Joint Jeffrey Cheah Institute (JCI) – Malaysian Economic Association (MEA) Seminar: Revisiting the New Economic Model (NEM) – Lags and Prospects
Malaysia’s economy grew at an annual average rate of 7.7% in the 1970-1997 period, and so the official expectation in 2001 was that the economy would grow an average of 7.5% in the 2001-2010 period. The outcome has been disappointing as growth only averaged 4.6% annually in 2001-2016.
“The good news is that there exist straightforward policy actions that the Government could implement effectively to put the economy back on course to realise Wawasan 2020,” according to Prof Woo Wing Thye – President of the Jeffrey Cheah Institute on Southeast Asia (JCI) at Sunway University – at a seminar on August 1, 2017. This seminar is the first of four seminars on the Malaysian economy, co-organized by JCI and the Malaysian Economic Association (MEA).
This JCI-MEA seminar series discusses key economic issues and identifies the specific policy measures needed to accelerate economic growth; to distribute more of the income growth to the poorest 40 percent of the population; and to ensure compatibility between economic growth and the health of the natural environment. The JCI-MEA seminar series is also a constructive forum to help inform the present efforts by the Government to formulate the Transformasi Nasional 2050 (TN50) blueprint. Top economists will discuss the important lessons from the reform experiences of foreign countries, and about the new policy directions and new implementation mechanisms that should be adopted in order to restore economic dynamism.
In the opening address at the first seminar, MEA President, Tan Sri Dr. Sulaiman Mahbob – former Director-General of the Economic Planning Unit – emphasised the importance of good economic management and strong institutional governance for tackling the challenges of the Malaysian economy.
Tan Sri Dr. Lin See Yan – former Deputy Governor of Bank Negara) – pronounced Malaysia to be caught in the Middle-Income Trap.
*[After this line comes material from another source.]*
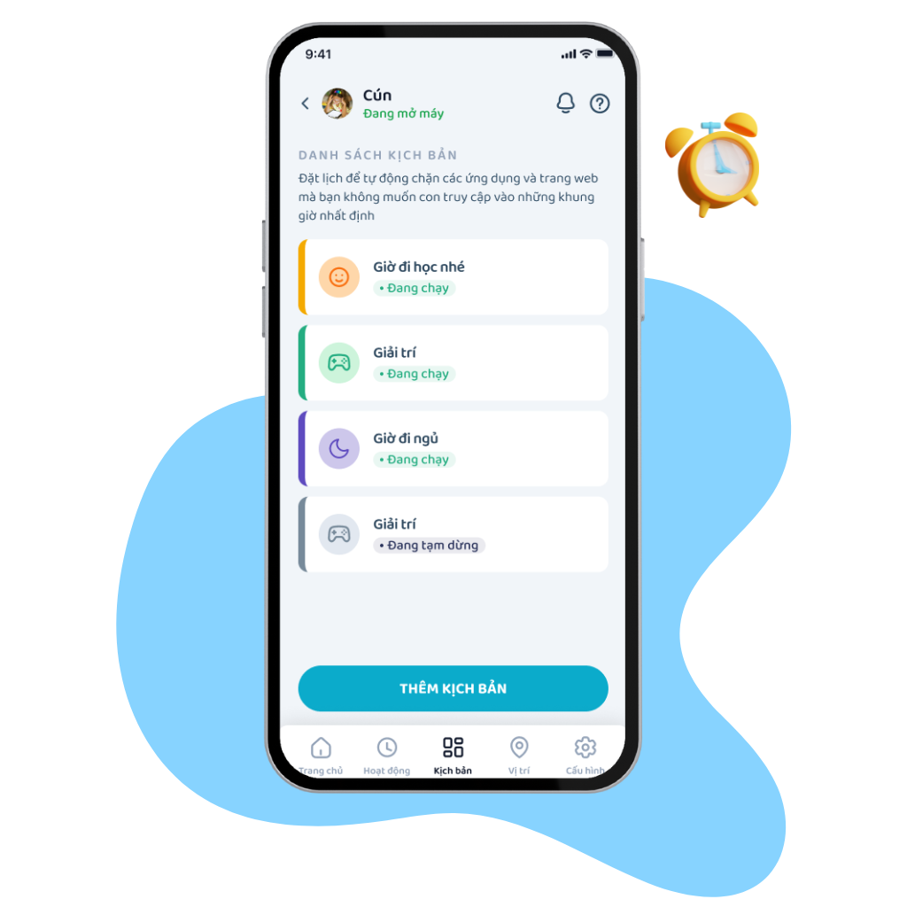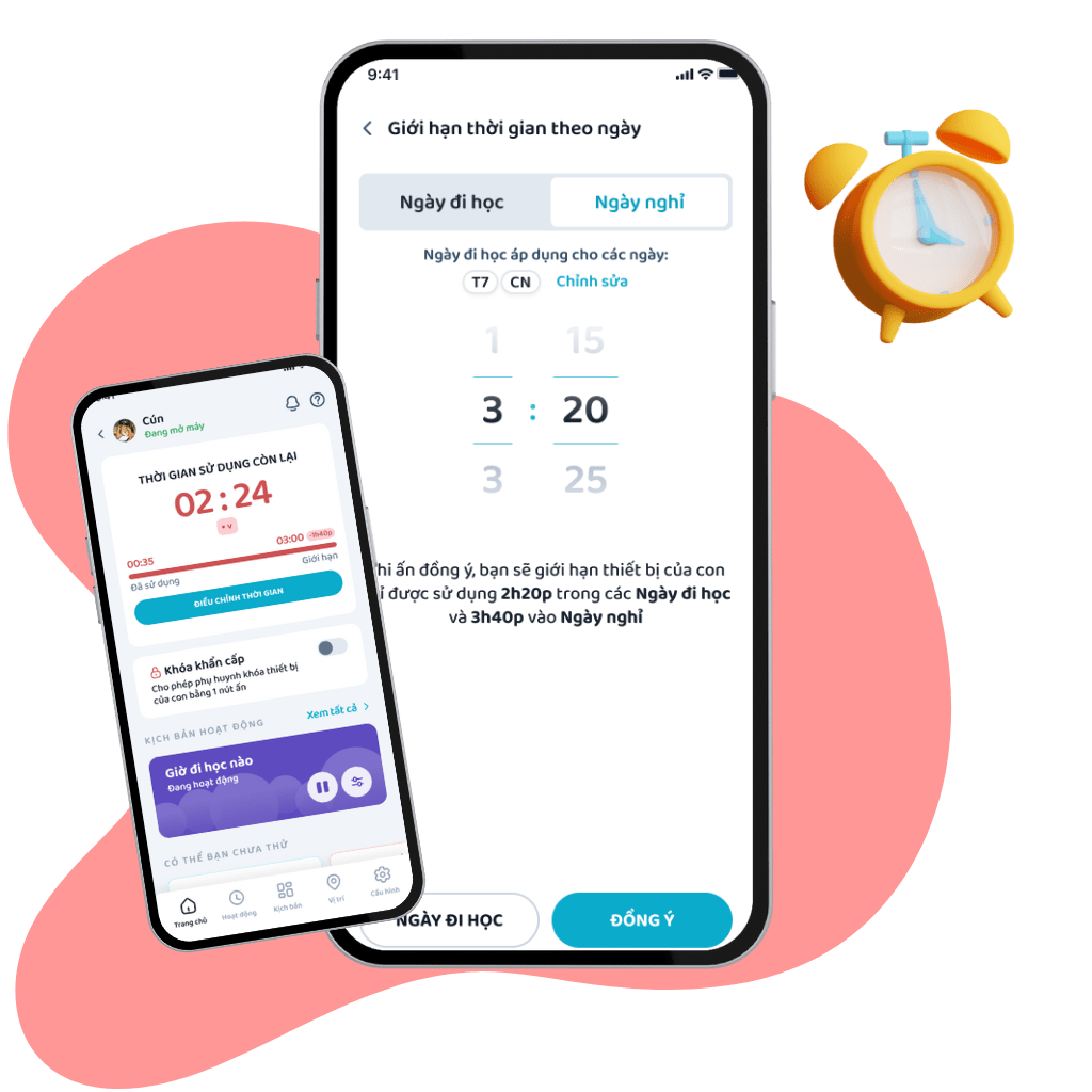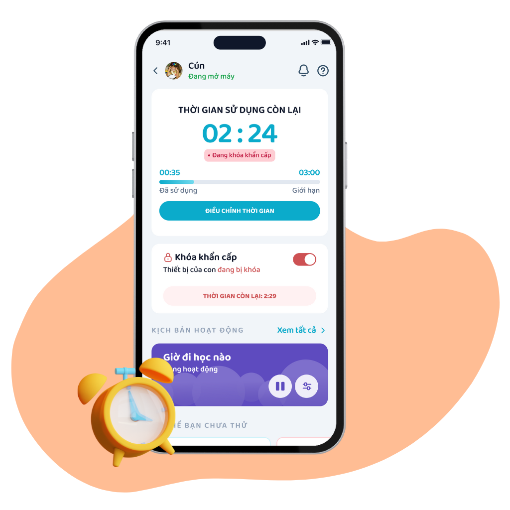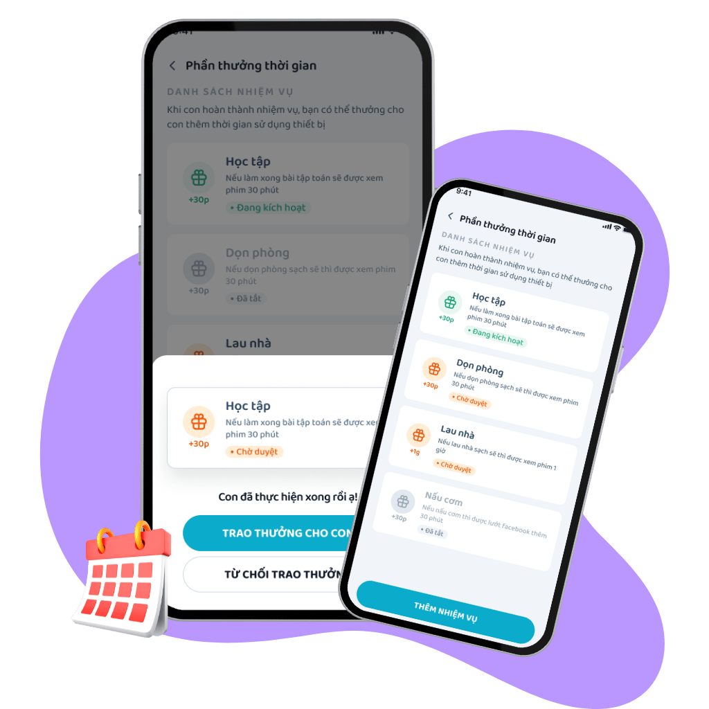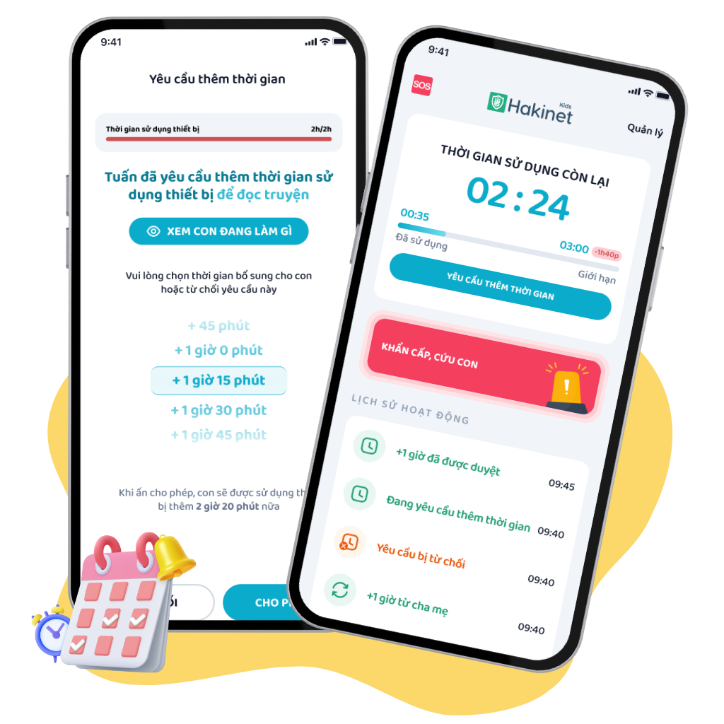 Hakinet giúp cha mẹ cùng con xây dựng thói quen lành mạnh: giờ học tập trung, giờ chơi thoải mái, giờ ngủ đúng giờ. Con có thể xin thêm thời gian khi cần, hoặc nhận phần thưởng xứng đáng sau khi hoàn thành nhiệm vụ được giao.
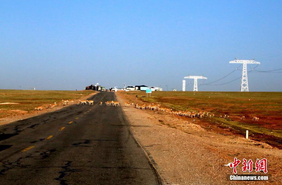 据可可西里管理局五道梁保护站统计,目前已有4000余只母藏羚羊带着出生不久的小羊羔顺利通过青藏公路,回到各自栖息地。图为在青藏公路上,小藏羚羊跟着母藏羚羊一起通过。 孙睿 摄

He said that the real economy has lost its edge, and that recent growth masks the underlying economic fatigue. The symptoms of which include investment slow-down, absence of upgrading in the manufacturing sector, virtual zero improvement in technological innovation (Total Factor Productivity), and the high rates of youth and graduate unemployment. Tan Sri Dr. Lin recommended structural reforms (particularly in labor and education policies) to return confidence in the Malaysian economy, the absence of which is manifested in the present weakness of the Ringgit against the US$ and against most regional currencies.
Datuk Dr. Awang Adek – former Deputy Minister of Finance – hailed Malaysia as one of the better performing economies in Southeast Asia and globally, and he emphasized the difficulty of doing significantly better than the current global norm of low growth. He nevertheless acknowledged that the service sector is plagued by low labour productivity and technological backwardness. Datuk Dr Awang identified the new policy goal to be a large expansion in manufacturing activities.
Professor Rajah Rasiah of the University of Malaya agreed that Malaysia is still stuck in the Middle-Income Trap. He saw the key challenge to improving innovation to be governance. Drawing from the experiences of Korea, Taiwan, Japan and Singapore, Professor Rajah called upon the Malaysian government to set up a strong appraisal mechanism for its funding of innovation-promotion programs. Policy-induced rents to spur innovation cannot succeed if there is inadequate oversight in weeding out non-performers.
Dato’ Latifah Merican Cheong – former Assistant Governor of Bank Negara – also concurred that Malaysia is still caught in the Middle-Income Trap. “Malaysia has regressed in many areas because of the interference of vested interests and the lack of a political will to reform.”
Dato’ Latifah also said that the private sector must be the main driver of economic growth and warned against allowing the the GLCs to crowd out private firms. Furthermore, the civil service should be leaner and less bureaucratic; and that the National Development Policy Council should be reinstated to drive the implementation of challenging policies to reform the Malaysian economy.
The second seminar, Lessons for Malaysia from the Reform Experiences of Other Countries will be held first on 25 August 2017 in Bank Negara Malaysia, Kuala Lumpur and then again on 26 August 2017 in Bangunan U.A.B, Penang. Admission to the seminar is free with limited seats available.